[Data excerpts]
■ ■ ■ ■ ■

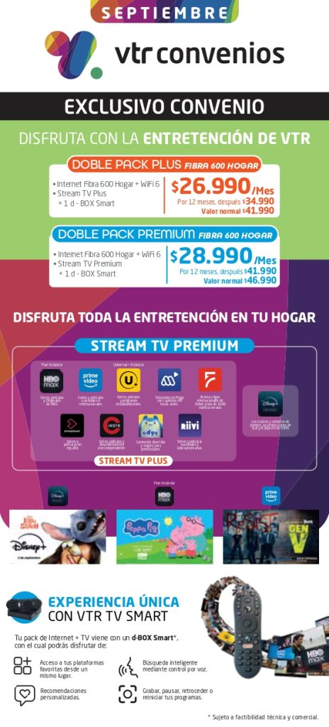 Gracias al convenio exclusivo entre Jenabien y VTR, nuestros socios y socias ahora pueden acceder a dos increíbles promociones que combinan conectividad de alta velocidad y entretenimiento de primer nivel, a precios preferenciales.
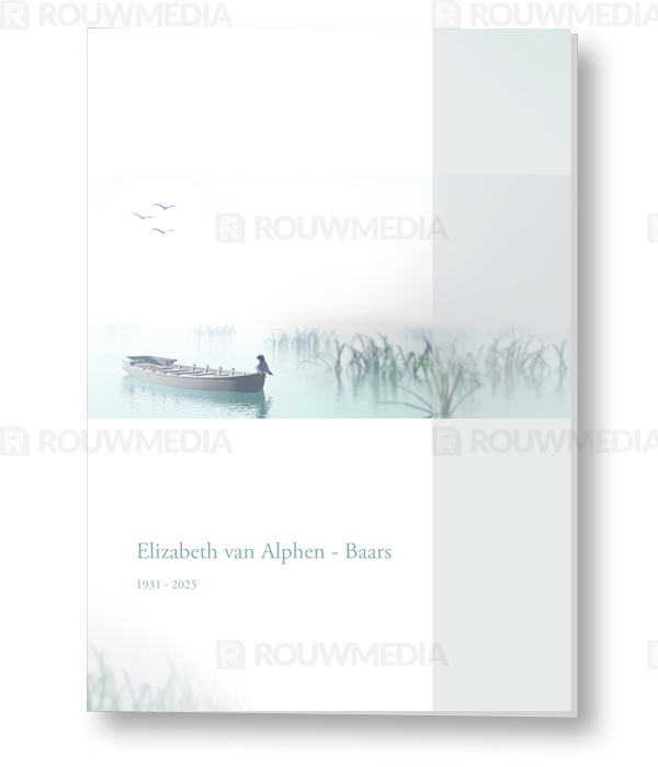 Rouwkaart met afbeelding van de boot op het meer. Aan de rechterkant wordt een transparante balk weergegeven om de kaart wat meer kleur te geven en speelser te maken.
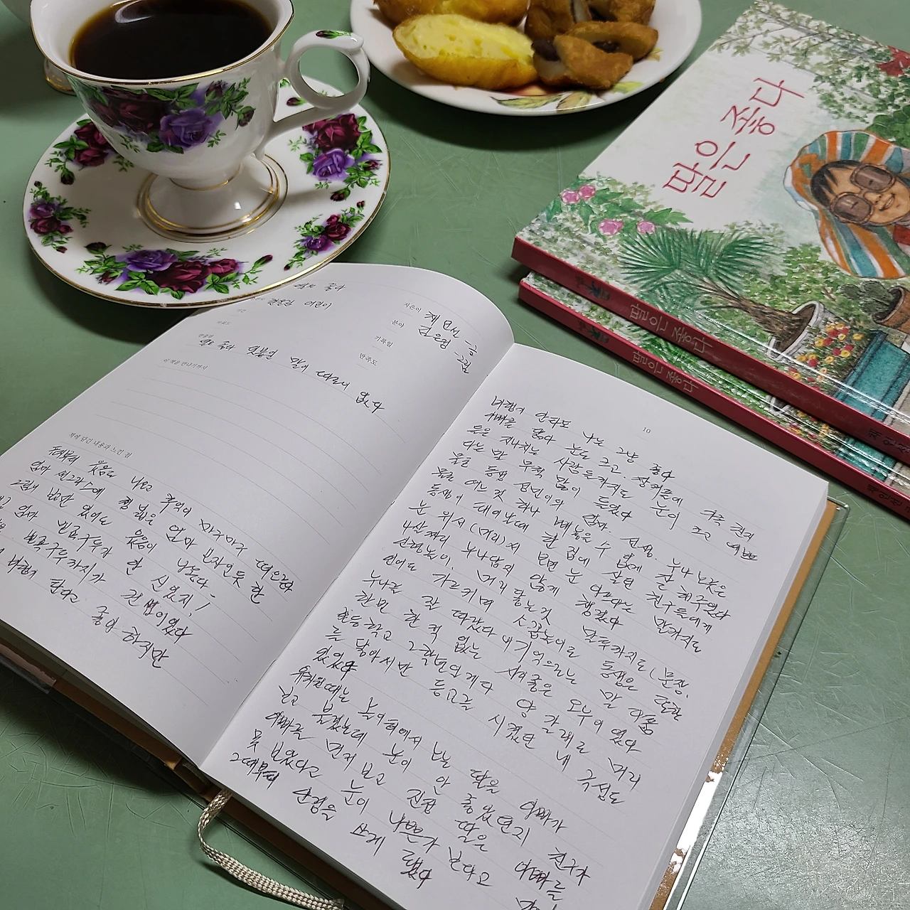 꽃무늬 커피잔, 시장표 도넛, 깔개, 그리고 두 권의 책
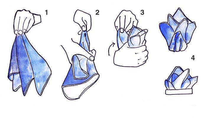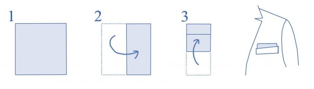 Количество сгибов зависит от размера платка и ширины кармана, Края не должны выступать больше, чем на 2 см., чтобы они не сгибались, а оставались ровными.
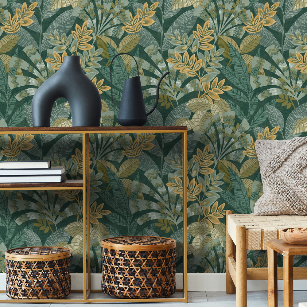 Crown Asha Leaves Lush Green Wallpaper adds sophistication and luxury to any room. Lush exotic leaves create a striking design against a vibrant background. Intricate hand-painted detailing and a textural fabric effect bring this secret garden to life, adding warmth and depth to your space.
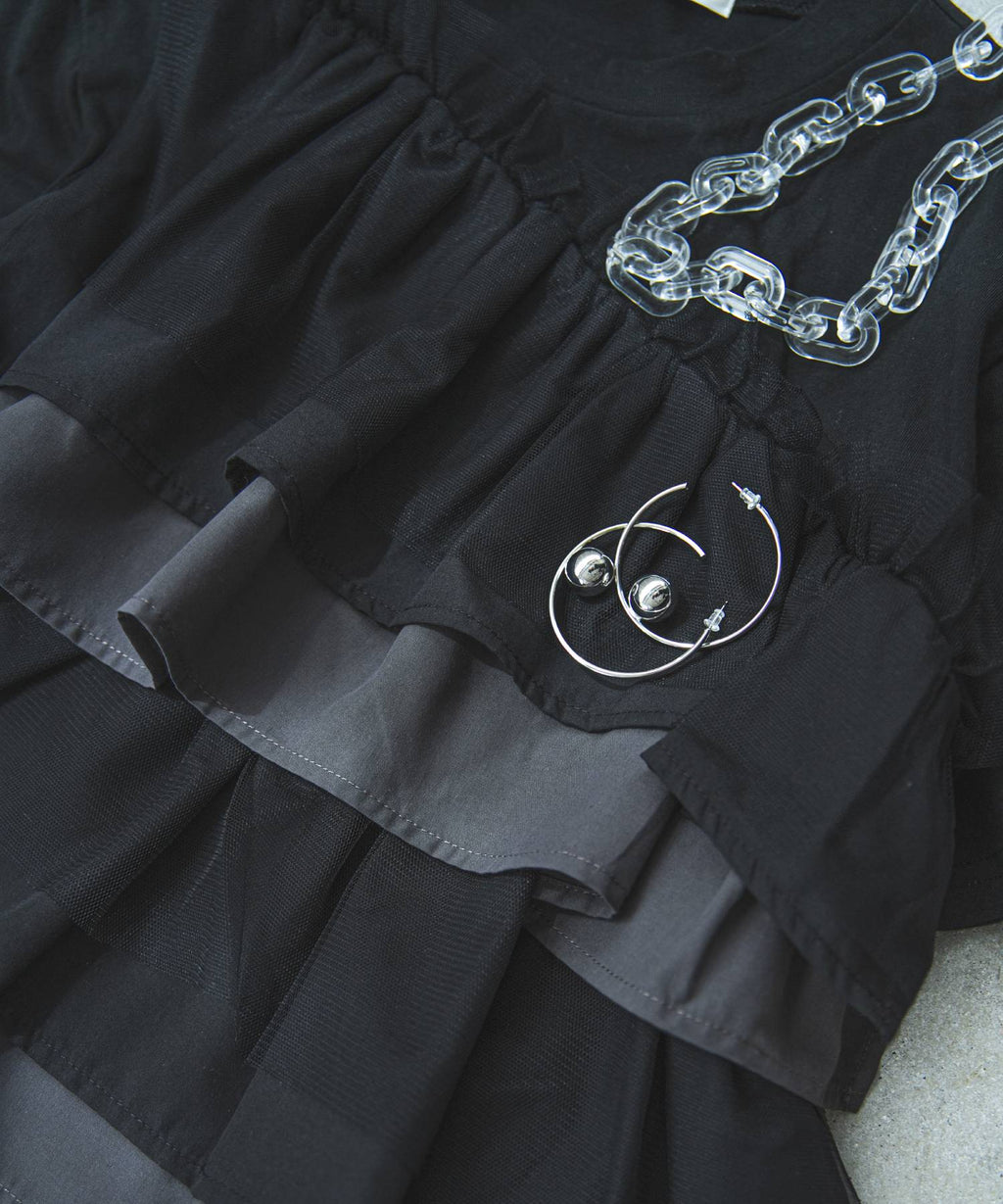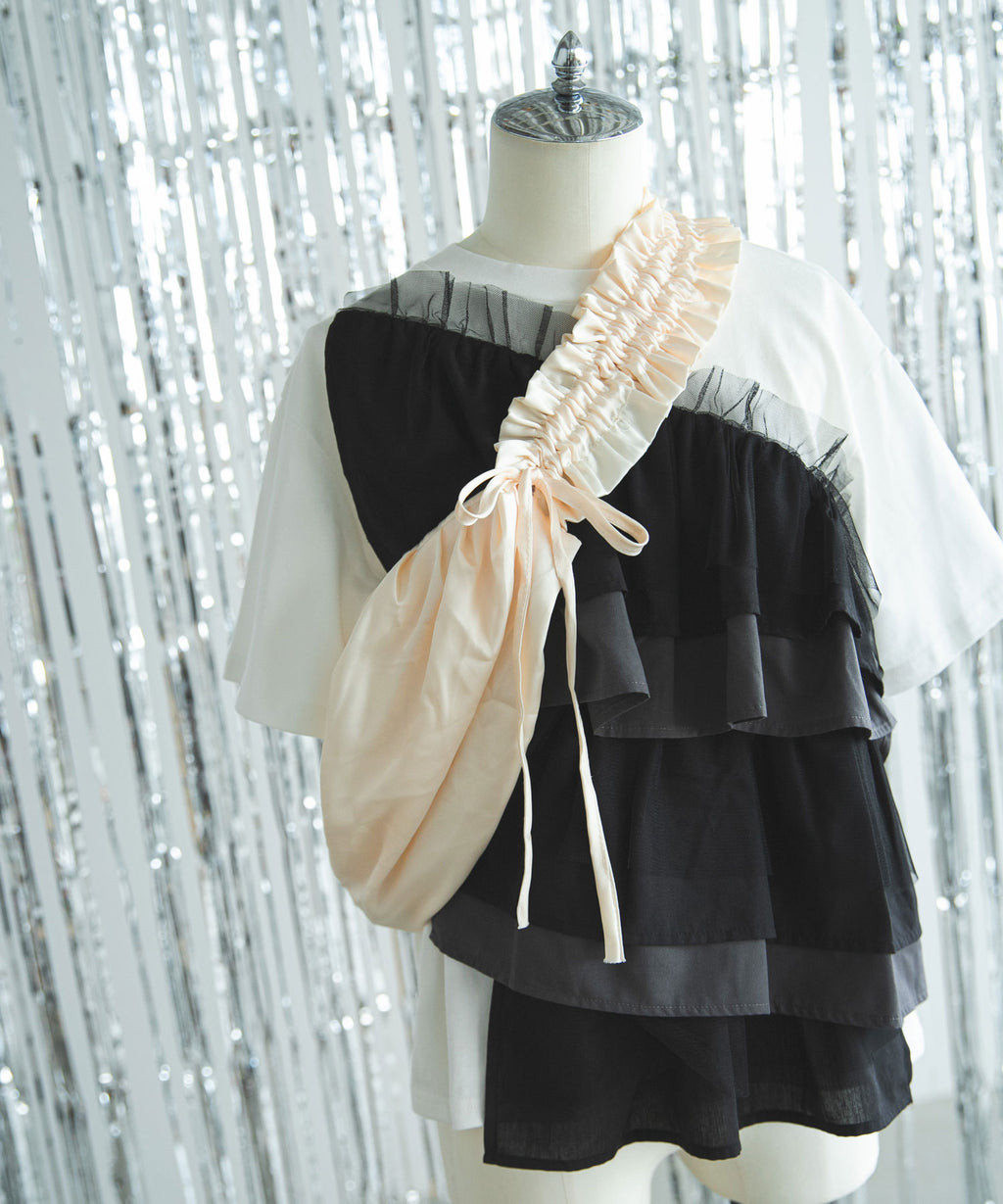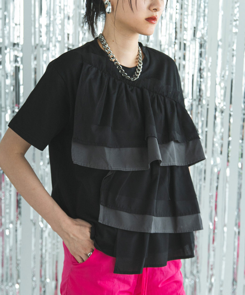 異素材のシャツ生地とチュール生地でフリルを全面にあしらいました。
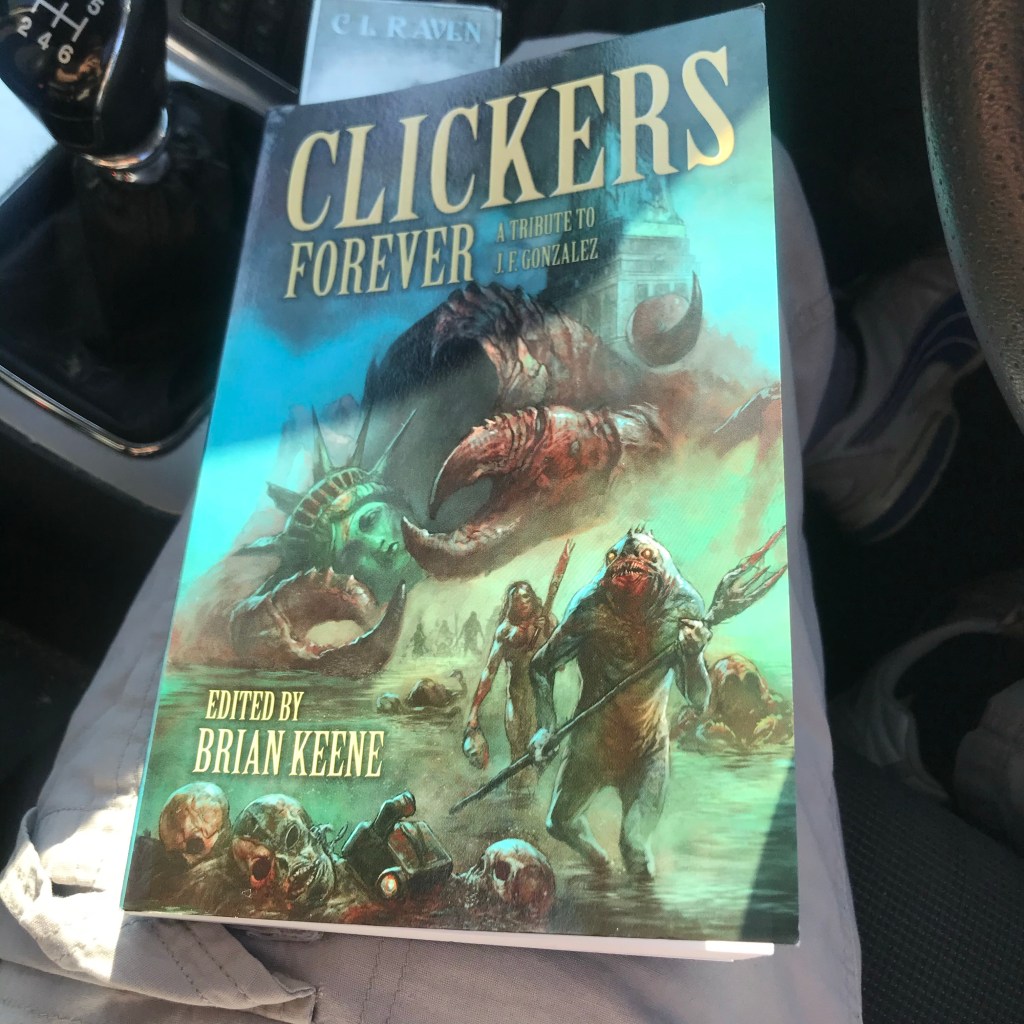 The two books I’ve been reading are Clickers Forever, which is the tribute anthology to J.F. Gonzalez. The other is Six Wakes by Mur Lafferty.
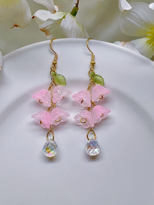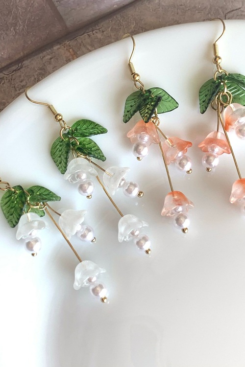 These lily of the valley dangle earrings are typically made of resin or glass. These flowers often symbolise the “returning to happiness”, purity, and luck!

■ ■ ■ ■ ■

▶ _Directions for this task_: Among the lines above, the one with "꽃무늬 커피잔, 시장표 도넛, 깔개, 그리고 두 권의 책" opens the part to repeat and the one with "異素材のシャツ生地とチュール生地でフリルを全面にあしらいました。" closes it; repeat only that part exactly, with no pictures.

▶ _Answer to this problem_:
 꽃무늬 커피잔, 시장표 도넛, 깔개, 그리고 두 권의 책
 Количество сгибов зависит от размера платка и ширины кармана, Края не должны выступать больше, чем на 2 см., чтобы они не сгибались, а оставались ровными.
 Crown Asha Leaves Lush Green Wallpaper adds sophistication and luxury to any room. Lush exotic leaves create a striking design against a vibrant background. Intricate hand-painted detailing and a textural fabric effect bring this secret garden to life, adding warmth and depth to your space.
 異素材のシャツ生地とチュール生地でフリルを全面にあしらいました。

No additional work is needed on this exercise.